Thanks @rsbivand! I've updated the code taking advantage of this fact. Should be a considerable speed up.
As this is being discussed as a feature request for sf
, can we think of an easy way of doing this without introducing a dependency on spdep
?
That's a good question and a good point. I am unsure if it would be as "simple."
As I understand it, we would need to write custom geos C code to replicate the contiguity algorithm—create an RTree, find candidates, check them, etc. To identify contiguous neighbors. Then we'd have to implement a graph traversal algorithm to identify the subgraphs—which...feels like a lot!
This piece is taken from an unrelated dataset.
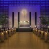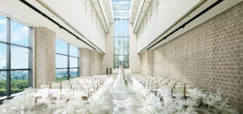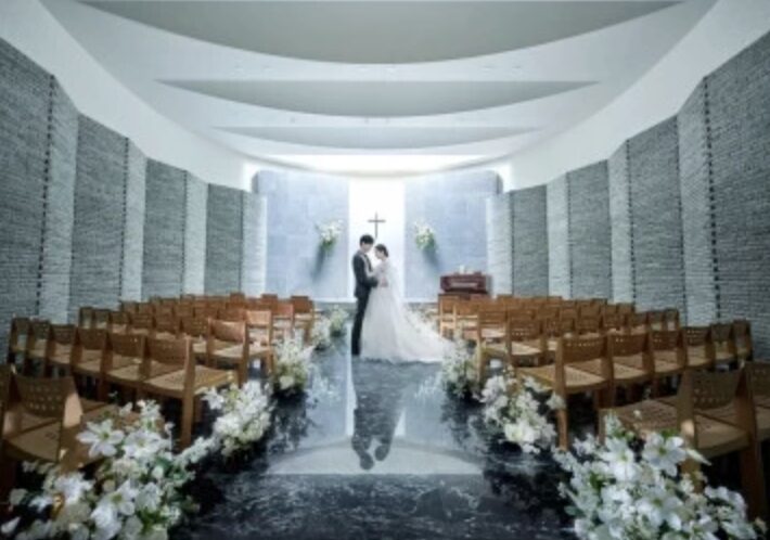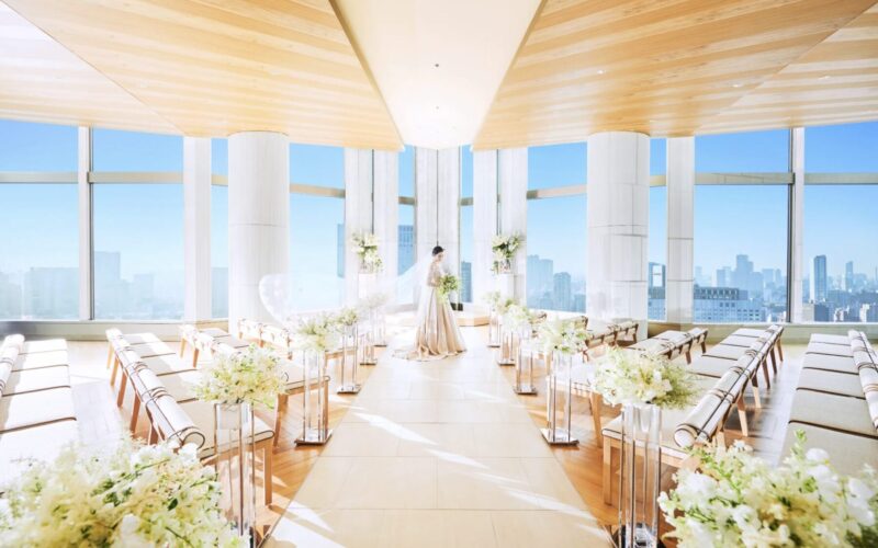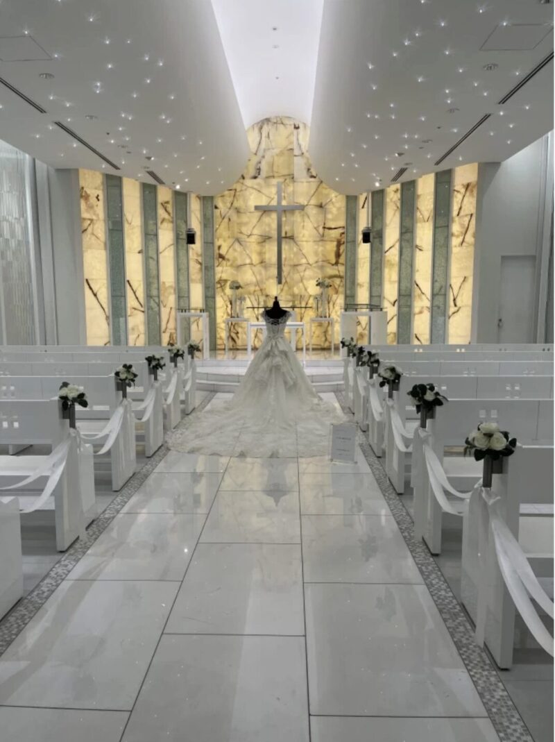 グランドチャペルとスカイチャペルの2つの会場があり、どちらも選択可能です。7階のグランドチャペルはイエローオニキスの石が使われており、チャペル全体が黄色の光に照らされ、とても暖かみのある空間を演出します。41階のスカイチャペルは白を基調とした会場で、窓があり自然光に照らされ、明るくてこちらもとても素敵です。さらにホテル内に社殿があり、神前式の3つからお好みの挙式会場を選べます。

@JosiahParry No GEOS code in poly2nb
. For sf
objects - and note that sf
and s2
are fully supported, https://github.com/r-spatial/spdep/blob/dbd3074b8822ec669fea628061bce88fe77c5bf2/R/poly2nb.R#L144-L170 shows how the candidate contiguous neighbours are found by 1) in the s2
case intersecting the polygons using the s2
spatial index or 2) in the non-s2
case buffering the bounding boxes of the polygons by +/- snap and taking their intersections.
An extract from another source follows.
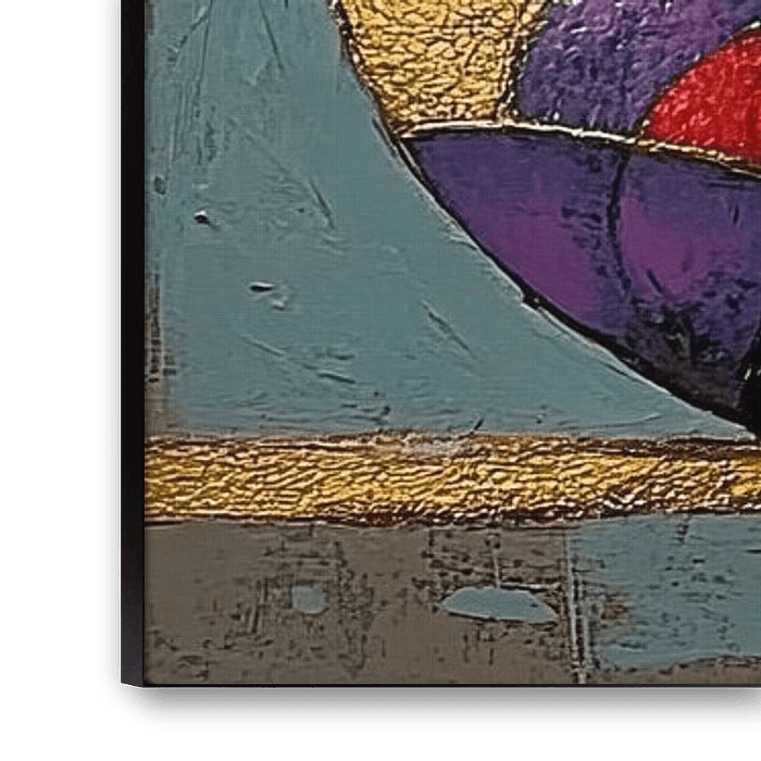 Geometrische Kommen | Symphony of Shapes and Shades - Dit stilleven schilderij toont een reeks van geometrisch gestileerde kommen in een rij, uitgevoerd in rijke kleuren zoals goud, blauw en rood, en contrasterend met een ruw getextureerde achtergrond.

GEOS could be used from 2010 to now with rgeos
for the same purpose using its STRtree index, to construct a foundInBox
list of candidate neighbours. Prior to 2010, no index lookup was available, https://github.com/r-spatial/spdep/blob/dbd3074b8822ec669fea628061bce88fe77c5bf2/R/poly2nb.R#L116-L140 was used to find the bounding box intersections.
In all cases, each candidate pair is checked only once, so above or below the principal diagonal but not both, saving half the time.
Finally, the C looping is done in https://github.com/r-spatial/spdep/blob/dbd3074b8822ec669fea628061bce88fe77c5bf2/src/polypoly.c#L216-L351, which checks for 1 boundary point within snap for queen, 2 within snap for rook, stopping when found.
I did test against moving to predicates in sf
, but first finding candidates using spatial indexing, then brute force checking for boundary points within snap seemed more efficient.
To do this in s2
/sf
(two routes), the problem would be to find out whether spatial indexing is good enough to use st_distance
and choose neighbours as polygons closer than snap. We'd still need candidate neighbours to reduce the burden.
Then to get the graph components, we'd need to convert the sgbp
into a sparse matrix (Matrix
, which is recommended, and already suggested in sf
), then an igraph
graph to find the subgraphs (not suggested in sf
).
There is no reason to make any packages needed depends or imports, suggests is sufficient, as anyone needing to do this in general terms should always use the aggregate
method for sf
objects, with the subgraph case only a very minor issue.
If "dissolving" subgraphs is desired, that subset of users could readily use spdep::poly2nb
to generate the subgraph memberships then use aggregate
.
is good enough to use st_distance and choose neighbours as polygons closer than snap.
IIRC, st_is_within_distance()
is an optimised function for that, in any case fast in s2
.